Dans les cabinets ministériels, les employés ont pour responsabilité première de soutenir le ministre dans ses activités. Cet appui consiste notamment à gérer les crises, un cabinet se trouvant régulièrement en première ligne pour réagir à l’actualité.
Selon le professeur Montigny, être membre du personnel politique d’un ministre ou du premier ministre donne le sentiment d’être au cœur de l’action. «On est la plupart du temps en réaction aux événements, précise-t-il, car nous sommes appelés à réagir à la crise du jour. Mais cela laisse peu de temps pour proposer, voir plus loin et travailler à l’implantation de changements.»
Les membres d’un cabinet politique travaillent généralement dans l’ombre. Au cœur du processus décisionnel, ils traitent de dossiers confidentiels. Ils discutent aussi de stratégies et de dossiers controversés.
«On a le sentiment de contribuer à une chose plus grand que soi», ajoute-t-il.
Ces travailleurs font le pont entre le monde politique et le monde administratif. Un cabinet est un environnement complexe qui fonctionne selon des codes particuliers et une culture qui lui est propre. Le travail d’équipe est de mise, mais les rivalités apparaissent sur certains dossiers ou avec d’autres cabinets ministériels. Malgré un esprit de corps bien réel, les membres du personnel d’un cabinet sont en compétition pour obtenir l’oreille du ministre. Dans un cabinet, plusieurs idées se côtoient et s’affrontent.
«Il faut savoir convaincre pour faire avancer ses projets, explique Éric Montigny. Et savoir se rallier lorsqu’une décision est prise.»
N’entre pas qui veut dans un cabinet ministériel. Quatre qualités personnelles sont requises: la loyauté, la discrétion, le jugement politique et la polyvalence. Le professeur souligne l’importance du premier élément. «La loyauté est fondamentale, affirme-t-il. L’employé doit notamment livrer le fond de sa pensée et donner l’heure juste au ministre. Mais ce n’est pas toujours simple. Il doit pouvoir dire que telle idée ne fonctionne pas, l’expliquer de façon respectueuse et discrète.»

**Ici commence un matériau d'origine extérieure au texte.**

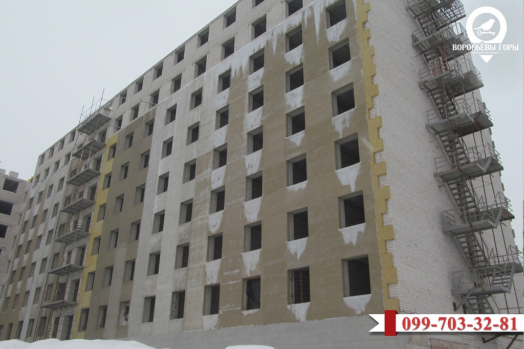 • на шестом этаже завершена кладка внутренних стен, начата кладка санитарных узлов;

Selon lui, le jugement politique, on l’a ou on ne l’a pas. «Cela ne s’apprend pas, soutient-il. On peut développer de l’expérience politique, mais lire une situation urgente, avec quelques conseillers réunis à l’improviste, l’analyser rapidement pour la transformer en opportunité, cela n’est pas donné à tout le monde.»
Des facteurs structurels qui limitent le pouvoir
L’étude énumère quatre facteurs structurels qui limitent le pouvoir du personnel de cabinet. Deux reposent sur le pouvoir d’inertie de la fonction publique. D’une part, les fonctionnaires ont l’expertise technique que ne possèdent pas les employés généralistes des cabinets. D’autre part, ils traitent certains dossiers au détriment d’autres à cause de la quantité élevée d’informations à analyser. Deux autres facteurs structurels touchent à la dynamique politique. Les rivalités internes en sont un. Le positionnement du cabinet du premier ministre au centre du système politique québécois en est un autre. Celui-ci aura toujours dernier mot dans ses rapports avec les autres cabinets puisqu’il coordonne l’action de l’ensemble.
Et que deviennent les membres du personnel des cabinets après leur passage en politique? Certains comme Steve Jacob et Éric Montigny se dirigent vers l’enseignement. D’autres comme Jean-Marc Fournier et Geoffrey Kelley sont devenus des élus. «Certains ont intégré la fonction publique, indique Éric Montigny. D’autres se retrouvent dans le secteur privé, entre autres dans les agences de relations publiques. Gilbert Lavoie est devenu rédacteur en chef du journal Le Soleil. Quant à John Parisella, il est devenu consultant et chroniqueur politique.»